Three Poems by Jeanne Wagner

The Homing Instinct
         ―Princeville, Kauai

The guide tells us Laysan albatross look
the same at seventy as they do at seventeen,

Except to another albatross I think, but stop
short of saying, not wanting to spoil

the exception which proves the rule, every
rule a law made to be broken, a law

much like gravity, which is why all good
escape artists want feathers on their arms.

I envy migratory birds, the way they navigate
the same sky I always want to get lost in.

The albatross chicks waiting, solitary, a little
sullen, resting on their snug circles of dirt.

The first story always one of place, of hunger,
or being hungered for, like their prey,

squid or krill, or the eggs of the flying fish
with their built-in longing to break into sky.

The albatross almost became extinct because
women wanted feathers in their hats.

But how lovely I felt at seventeen when I wore
my new hat to Mass, the feathers all dyed

that pink we mistake for innocence, and me
just sitting there, barely dreaming of flight.

*

One Person

Peter Sellers said, I do not exist. There used to be a me,
but I had it surgically removed.

We laugh, yet who doesn’t feel pain remembering some
layer of skin

flayed by a casual remark, and afterwards the air, without
even a breeze, raking the spot raw.

We are always one person, no matter how many times
we’ve been effaced.

See how even the moon suffers its monthly mutilations.
This goddess of a sphere

left like a slice of lemon peel garnishing an empty plate.
But now a whole new moon

floats over the dawn redwood in the frame of our skylight.
Who else will ever see it,

the nexus of this place, these seconds, with these eyes?
Who will ever know you as I do?

*

After a Stroke, the Doctor Asks Me to Describe the Cookie Theft Picture

         The Cookie Theft Picture, a cartoon of a retro family
         in the kitchen, is a common diagnostic tool for aphasia.

She looks like my Fifties mother asking me to turn down the heat.
Our leg of lamb, forgotten in the oven, was beginning to overcook.
A boy is reaching for the cookie jar, the stool slipping from his feet.
The girl lifts her hand. The boy starts to fall.

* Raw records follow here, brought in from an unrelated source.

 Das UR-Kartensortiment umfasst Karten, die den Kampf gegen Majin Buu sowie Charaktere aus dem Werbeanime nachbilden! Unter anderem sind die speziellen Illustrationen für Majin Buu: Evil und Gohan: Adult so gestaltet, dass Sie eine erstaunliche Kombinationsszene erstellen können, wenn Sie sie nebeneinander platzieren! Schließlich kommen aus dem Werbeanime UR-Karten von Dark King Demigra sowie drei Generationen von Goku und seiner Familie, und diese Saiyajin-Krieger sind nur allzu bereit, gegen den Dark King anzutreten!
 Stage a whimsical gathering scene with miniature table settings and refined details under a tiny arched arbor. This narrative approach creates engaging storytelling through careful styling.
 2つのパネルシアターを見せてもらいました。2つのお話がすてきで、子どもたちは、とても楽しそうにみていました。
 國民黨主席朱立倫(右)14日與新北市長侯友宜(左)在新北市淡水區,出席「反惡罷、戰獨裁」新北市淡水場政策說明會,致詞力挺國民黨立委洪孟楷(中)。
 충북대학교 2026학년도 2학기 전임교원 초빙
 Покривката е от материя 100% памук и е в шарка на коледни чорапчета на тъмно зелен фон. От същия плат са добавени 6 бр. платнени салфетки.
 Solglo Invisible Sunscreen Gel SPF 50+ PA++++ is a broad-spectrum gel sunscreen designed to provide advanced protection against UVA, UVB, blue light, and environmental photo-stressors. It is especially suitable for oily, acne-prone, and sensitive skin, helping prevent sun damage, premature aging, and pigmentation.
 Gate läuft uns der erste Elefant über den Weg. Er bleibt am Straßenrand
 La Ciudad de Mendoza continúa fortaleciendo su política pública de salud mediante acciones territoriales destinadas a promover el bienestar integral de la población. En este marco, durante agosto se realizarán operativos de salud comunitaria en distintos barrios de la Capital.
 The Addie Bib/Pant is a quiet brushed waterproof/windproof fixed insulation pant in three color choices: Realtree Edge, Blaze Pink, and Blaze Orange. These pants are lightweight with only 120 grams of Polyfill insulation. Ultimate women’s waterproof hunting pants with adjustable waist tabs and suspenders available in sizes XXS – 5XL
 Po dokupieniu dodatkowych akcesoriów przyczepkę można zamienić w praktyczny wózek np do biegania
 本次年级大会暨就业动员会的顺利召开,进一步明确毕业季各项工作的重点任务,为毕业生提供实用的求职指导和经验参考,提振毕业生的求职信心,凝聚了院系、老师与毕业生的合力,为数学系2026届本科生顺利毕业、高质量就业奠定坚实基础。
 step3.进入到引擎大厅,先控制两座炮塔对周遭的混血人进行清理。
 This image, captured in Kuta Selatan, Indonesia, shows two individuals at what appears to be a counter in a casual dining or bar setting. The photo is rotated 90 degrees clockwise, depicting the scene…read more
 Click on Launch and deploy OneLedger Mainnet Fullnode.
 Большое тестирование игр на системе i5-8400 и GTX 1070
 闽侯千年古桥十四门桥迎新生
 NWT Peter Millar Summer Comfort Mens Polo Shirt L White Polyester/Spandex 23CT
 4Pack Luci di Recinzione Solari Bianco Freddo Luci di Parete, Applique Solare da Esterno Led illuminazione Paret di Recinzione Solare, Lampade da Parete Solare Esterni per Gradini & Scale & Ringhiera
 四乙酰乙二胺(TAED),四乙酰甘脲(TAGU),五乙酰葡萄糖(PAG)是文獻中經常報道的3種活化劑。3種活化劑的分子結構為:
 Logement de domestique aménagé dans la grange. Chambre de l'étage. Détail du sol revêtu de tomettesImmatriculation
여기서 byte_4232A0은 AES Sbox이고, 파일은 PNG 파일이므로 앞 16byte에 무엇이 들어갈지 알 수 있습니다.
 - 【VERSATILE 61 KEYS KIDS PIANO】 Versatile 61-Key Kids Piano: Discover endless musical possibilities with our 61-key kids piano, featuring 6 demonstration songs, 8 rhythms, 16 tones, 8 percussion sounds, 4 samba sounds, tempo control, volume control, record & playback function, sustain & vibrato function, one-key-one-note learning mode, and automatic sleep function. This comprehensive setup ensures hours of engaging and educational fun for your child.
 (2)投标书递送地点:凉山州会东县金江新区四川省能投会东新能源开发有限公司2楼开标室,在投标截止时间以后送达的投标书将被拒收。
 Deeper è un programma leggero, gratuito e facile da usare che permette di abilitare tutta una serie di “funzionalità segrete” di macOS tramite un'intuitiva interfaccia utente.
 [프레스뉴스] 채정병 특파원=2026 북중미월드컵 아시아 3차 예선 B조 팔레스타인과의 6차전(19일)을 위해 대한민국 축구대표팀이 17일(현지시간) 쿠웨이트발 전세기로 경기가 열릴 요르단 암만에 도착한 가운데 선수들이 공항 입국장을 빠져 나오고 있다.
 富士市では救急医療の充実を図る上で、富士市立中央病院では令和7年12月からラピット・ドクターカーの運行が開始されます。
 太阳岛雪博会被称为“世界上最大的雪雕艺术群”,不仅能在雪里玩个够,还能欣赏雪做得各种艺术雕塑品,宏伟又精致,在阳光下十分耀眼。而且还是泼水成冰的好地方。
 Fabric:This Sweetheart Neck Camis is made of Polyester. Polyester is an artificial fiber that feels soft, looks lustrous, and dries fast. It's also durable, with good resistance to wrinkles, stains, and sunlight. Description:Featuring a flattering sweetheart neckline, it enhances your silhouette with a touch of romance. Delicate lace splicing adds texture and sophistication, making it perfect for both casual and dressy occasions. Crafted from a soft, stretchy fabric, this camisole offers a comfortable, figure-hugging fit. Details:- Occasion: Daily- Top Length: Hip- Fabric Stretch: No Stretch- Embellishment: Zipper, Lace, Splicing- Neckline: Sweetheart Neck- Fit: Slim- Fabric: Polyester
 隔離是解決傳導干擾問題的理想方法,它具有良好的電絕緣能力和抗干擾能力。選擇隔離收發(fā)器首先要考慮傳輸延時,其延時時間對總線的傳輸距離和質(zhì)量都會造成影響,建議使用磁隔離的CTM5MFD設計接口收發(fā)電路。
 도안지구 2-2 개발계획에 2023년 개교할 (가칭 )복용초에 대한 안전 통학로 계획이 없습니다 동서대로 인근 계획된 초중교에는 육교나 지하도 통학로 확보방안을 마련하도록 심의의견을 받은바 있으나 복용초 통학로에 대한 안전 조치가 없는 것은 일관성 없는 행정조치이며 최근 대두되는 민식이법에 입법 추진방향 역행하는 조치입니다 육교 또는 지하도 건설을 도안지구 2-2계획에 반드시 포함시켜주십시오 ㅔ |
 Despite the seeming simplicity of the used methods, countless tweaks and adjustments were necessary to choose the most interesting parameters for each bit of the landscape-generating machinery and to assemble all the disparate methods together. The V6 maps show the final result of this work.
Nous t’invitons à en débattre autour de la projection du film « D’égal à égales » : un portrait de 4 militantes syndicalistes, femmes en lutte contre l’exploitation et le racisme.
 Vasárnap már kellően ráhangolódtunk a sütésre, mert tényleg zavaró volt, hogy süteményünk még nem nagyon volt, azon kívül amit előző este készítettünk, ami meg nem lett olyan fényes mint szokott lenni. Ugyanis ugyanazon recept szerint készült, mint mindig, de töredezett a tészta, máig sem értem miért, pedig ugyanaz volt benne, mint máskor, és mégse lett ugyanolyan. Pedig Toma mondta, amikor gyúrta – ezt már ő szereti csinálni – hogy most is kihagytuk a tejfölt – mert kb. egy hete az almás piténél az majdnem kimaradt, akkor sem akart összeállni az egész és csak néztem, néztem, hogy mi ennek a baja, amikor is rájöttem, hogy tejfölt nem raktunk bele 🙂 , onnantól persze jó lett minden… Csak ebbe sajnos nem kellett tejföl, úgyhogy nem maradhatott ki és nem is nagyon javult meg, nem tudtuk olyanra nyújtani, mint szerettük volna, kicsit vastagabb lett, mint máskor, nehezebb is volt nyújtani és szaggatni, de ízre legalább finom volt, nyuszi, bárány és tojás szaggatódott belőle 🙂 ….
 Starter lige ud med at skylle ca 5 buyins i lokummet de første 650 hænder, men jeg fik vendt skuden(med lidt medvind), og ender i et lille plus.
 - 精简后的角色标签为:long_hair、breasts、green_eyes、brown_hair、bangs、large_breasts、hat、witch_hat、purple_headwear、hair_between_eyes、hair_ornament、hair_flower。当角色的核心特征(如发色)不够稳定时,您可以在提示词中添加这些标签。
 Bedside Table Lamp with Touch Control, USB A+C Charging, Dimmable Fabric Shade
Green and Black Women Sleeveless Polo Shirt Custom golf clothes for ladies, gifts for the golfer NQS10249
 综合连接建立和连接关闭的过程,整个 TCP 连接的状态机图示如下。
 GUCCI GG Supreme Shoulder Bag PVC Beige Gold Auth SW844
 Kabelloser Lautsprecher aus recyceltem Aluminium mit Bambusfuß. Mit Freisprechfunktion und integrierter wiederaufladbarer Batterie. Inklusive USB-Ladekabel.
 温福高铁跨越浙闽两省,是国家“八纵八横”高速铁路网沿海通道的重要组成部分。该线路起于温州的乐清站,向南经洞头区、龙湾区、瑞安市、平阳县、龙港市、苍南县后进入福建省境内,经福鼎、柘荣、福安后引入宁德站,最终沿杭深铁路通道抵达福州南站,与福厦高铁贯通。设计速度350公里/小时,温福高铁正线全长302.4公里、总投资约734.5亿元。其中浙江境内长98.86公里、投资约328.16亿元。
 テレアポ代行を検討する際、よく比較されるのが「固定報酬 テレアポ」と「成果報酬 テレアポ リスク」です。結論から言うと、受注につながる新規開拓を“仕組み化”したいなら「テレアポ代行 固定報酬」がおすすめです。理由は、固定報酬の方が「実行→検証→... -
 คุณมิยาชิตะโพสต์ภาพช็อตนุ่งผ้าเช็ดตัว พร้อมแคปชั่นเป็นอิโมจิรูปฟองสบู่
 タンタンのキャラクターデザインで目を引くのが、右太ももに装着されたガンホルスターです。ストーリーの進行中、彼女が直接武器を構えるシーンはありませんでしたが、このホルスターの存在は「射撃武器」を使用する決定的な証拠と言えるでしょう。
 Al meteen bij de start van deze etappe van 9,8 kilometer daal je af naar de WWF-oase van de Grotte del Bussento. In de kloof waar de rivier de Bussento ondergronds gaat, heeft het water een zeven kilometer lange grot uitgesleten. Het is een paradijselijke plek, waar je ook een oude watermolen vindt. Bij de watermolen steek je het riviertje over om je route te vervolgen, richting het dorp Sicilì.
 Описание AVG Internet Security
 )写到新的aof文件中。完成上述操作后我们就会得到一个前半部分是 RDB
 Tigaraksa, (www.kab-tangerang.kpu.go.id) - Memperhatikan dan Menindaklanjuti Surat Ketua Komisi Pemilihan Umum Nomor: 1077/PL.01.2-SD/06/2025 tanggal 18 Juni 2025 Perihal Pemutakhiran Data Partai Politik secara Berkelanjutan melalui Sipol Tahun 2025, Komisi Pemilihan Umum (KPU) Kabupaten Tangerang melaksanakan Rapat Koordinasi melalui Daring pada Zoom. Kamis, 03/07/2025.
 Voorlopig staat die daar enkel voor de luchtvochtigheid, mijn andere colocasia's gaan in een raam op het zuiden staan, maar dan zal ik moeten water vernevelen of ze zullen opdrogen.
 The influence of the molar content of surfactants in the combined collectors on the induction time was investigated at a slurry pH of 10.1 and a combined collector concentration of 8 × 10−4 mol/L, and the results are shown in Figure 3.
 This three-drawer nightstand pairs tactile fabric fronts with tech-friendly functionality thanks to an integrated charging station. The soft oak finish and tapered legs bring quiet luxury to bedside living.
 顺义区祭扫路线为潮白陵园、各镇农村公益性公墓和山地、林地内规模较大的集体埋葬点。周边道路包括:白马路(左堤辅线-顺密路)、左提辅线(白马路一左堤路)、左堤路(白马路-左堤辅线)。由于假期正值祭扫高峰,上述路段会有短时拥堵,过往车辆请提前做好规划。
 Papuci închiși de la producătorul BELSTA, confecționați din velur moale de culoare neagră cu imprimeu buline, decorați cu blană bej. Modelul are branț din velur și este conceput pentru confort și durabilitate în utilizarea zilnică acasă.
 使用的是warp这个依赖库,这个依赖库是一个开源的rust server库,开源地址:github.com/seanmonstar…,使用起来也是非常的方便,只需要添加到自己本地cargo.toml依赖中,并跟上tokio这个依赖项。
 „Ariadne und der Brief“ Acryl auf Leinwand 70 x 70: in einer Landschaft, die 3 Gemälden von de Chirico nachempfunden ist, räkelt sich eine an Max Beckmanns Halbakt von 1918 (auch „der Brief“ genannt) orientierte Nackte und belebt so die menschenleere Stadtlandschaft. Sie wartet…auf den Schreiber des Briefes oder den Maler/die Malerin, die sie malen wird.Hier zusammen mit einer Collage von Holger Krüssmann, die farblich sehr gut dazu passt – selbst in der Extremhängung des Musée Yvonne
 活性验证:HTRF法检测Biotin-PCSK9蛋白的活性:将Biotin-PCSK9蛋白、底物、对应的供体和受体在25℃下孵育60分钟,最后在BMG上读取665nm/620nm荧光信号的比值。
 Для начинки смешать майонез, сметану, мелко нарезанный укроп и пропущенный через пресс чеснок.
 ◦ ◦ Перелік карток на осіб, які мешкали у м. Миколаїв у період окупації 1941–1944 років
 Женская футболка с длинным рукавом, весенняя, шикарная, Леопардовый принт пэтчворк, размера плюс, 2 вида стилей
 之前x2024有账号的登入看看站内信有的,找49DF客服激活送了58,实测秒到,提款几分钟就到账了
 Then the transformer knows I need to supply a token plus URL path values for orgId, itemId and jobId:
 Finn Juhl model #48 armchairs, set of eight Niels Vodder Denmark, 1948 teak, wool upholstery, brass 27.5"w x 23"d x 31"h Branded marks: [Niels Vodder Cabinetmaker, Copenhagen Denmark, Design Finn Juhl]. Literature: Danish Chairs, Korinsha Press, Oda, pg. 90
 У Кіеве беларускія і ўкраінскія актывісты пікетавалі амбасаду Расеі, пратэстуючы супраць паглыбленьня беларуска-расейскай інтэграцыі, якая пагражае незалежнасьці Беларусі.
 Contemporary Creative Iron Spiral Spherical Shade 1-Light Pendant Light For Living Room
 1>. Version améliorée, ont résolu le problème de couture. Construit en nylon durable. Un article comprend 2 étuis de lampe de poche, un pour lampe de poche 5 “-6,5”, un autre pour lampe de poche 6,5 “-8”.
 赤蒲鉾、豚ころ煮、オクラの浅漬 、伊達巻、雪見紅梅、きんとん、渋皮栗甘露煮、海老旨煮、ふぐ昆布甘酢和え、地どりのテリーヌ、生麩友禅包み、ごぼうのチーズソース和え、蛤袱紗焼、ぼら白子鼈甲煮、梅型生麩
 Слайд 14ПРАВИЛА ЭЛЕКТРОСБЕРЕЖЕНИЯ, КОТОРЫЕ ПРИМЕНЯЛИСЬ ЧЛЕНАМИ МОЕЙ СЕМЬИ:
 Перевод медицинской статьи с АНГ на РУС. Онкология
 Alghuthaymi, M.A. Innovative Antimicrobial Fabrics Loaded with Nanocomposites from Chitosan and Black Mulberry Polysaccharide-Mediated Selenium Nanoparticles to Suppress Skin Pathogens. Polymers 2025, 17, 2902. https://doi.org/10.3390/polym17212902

His falling overlooked.

My mother overcooked the leg of lamb, her body helpless on the floor.
This mom is drying dishes, ignoring the water cascading from the sink.
The girl lifts up her hand to her brother, but I’m not that girl anymore.
This isn’t my dysfunctional family, but I keep searching for some link.

This mom is drying dishes. The overflowing water a symbol of tears,
Every kitchen is an engine room, is a hearth, the heart of the home.
My dysfunctional family must be at it again; the meaning isn’t clear.
I fell on the kitchen floor, where once I found my father, already gone.

Every kitchen is an engine room, but I long for the heart of the home
where once my Fifties mother kept asking me to turn down the heat.
Falling is a family trait. Like gravity. Something I’ve always known.
This boy, he just keeps on reaching. The stool slipping from his feet.

*

Jeanne Wagner is the author of four chapbooks and three full-length collections: The Zen Piano-mover, which won the NFSPS Poetry Prize, In the Body of Our Lives, published by Sixteen Rivers Press, and Everything Turns Into Something Else, published as runner-up for the Grayson Book Prize. Her manuscript, One Needful Song is the recent winner of the 2024 Catamaran Prize. Her more recent awards include the 2020 Joy Harjo Award and the 2021 Naugatuck Prize. Her work has appeared in North American Review, Cincinnati Review, Alaska Quarterly Review, Shenandoah and The Southern Review.